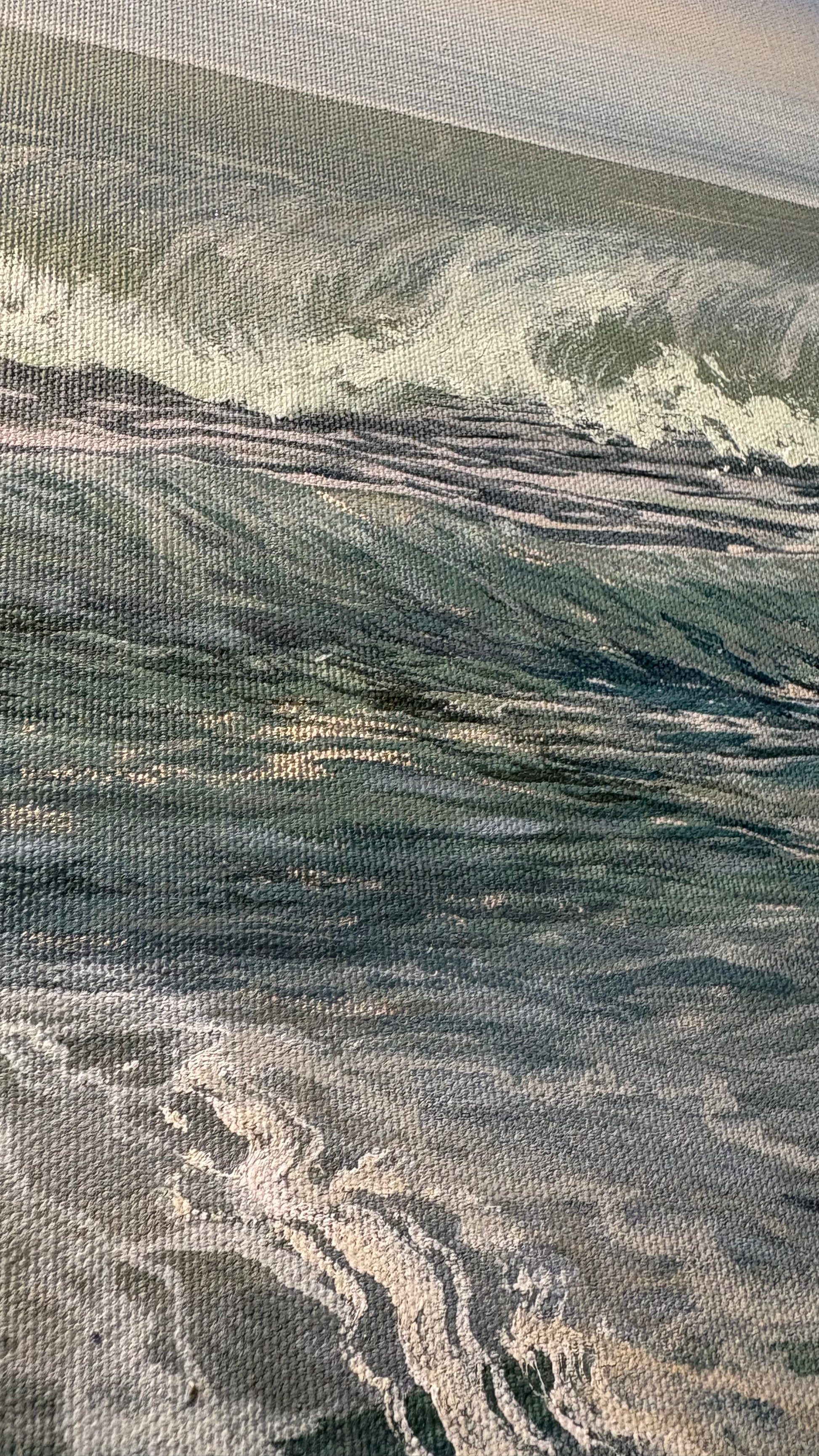 Brace yourself for “Diamonds on the Sea, Seaton.” as it transports you to a Cornish beach where vibrant blue and turquoise waves roll onto a deep beige sandy textured shoreline! The crystal blue water and sky will add a touch of energy & brightness to your home. Catch the Cornish breeze and bring home a piece of paradise!
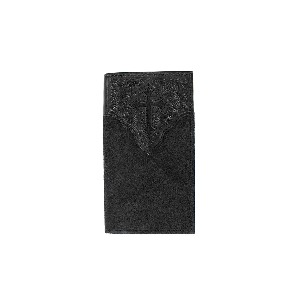 This Nocona rodeo wallet by M&F Western Products is genuine leather roughout and has a hand tooled floral tab with a filigree cross and In God We Trust across the top of the tab.
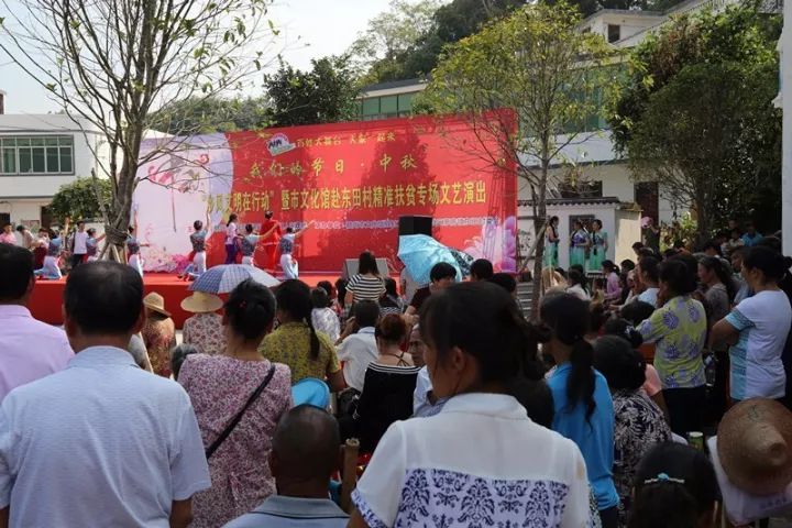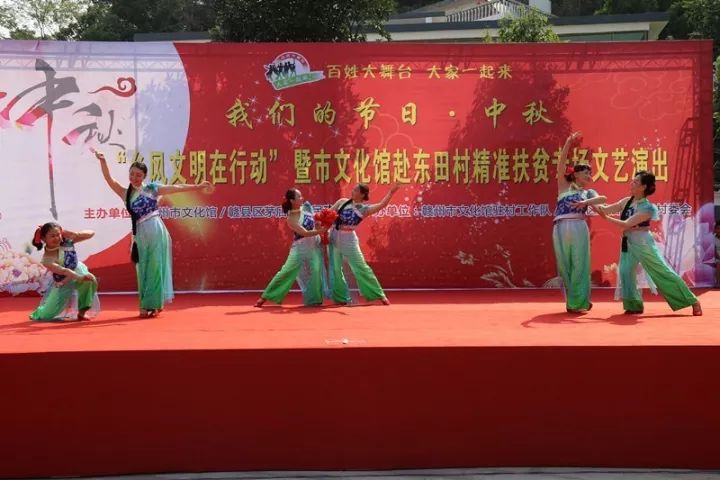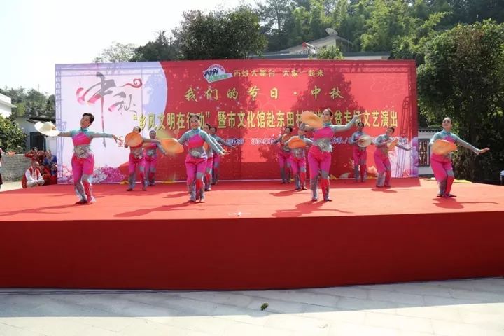 为喜迎十九大的胜利召开,推进“乡风文明行动”,9月30日,我们的节日·中秋“乡风文明在行动” 暨市文化馆赴东田村精准扶贫专场文艺演出在东田村乡誉舞台举行。演员们用欢快的歌舞表达对党的无限忠诚和热爱,表达了对乡风文明建设成果的喜悦之情。
________________
**What is expected**
Pictures do not belong in the copy; repeat the rest of the listing exactly.

**Task answer**
 Brace yourself for “Diamonds on the Sea, Seaton.” as it transports you to a Cornish beach where vibrant blue and turquoise waves roll onto a deep beige sandy textured shoreline! The crystal blue water and sky will add a touch of energy & brightness to your home. Catch the Cornish breeze and bring home a piece of paradise!
 This Nocona rodeo wallet by M&F Western Products is genuine leather roughout and has a hand tooled floral tab with a filigree cross and In God We Trust across the top of the tab.
 为喜迎十九大的胜利召开,推进“乡风文明行动”,9月30日,我们的节日·中秋“乡风文明在行动” 暨市文化馆赴东田村精准扶贫专场文艺演出在东田村乡誉舞台举行。演员们用欢快的歌舞表达对党的无限忠诚和热爱,表达了对乡风文明建设成果的喜悦之情。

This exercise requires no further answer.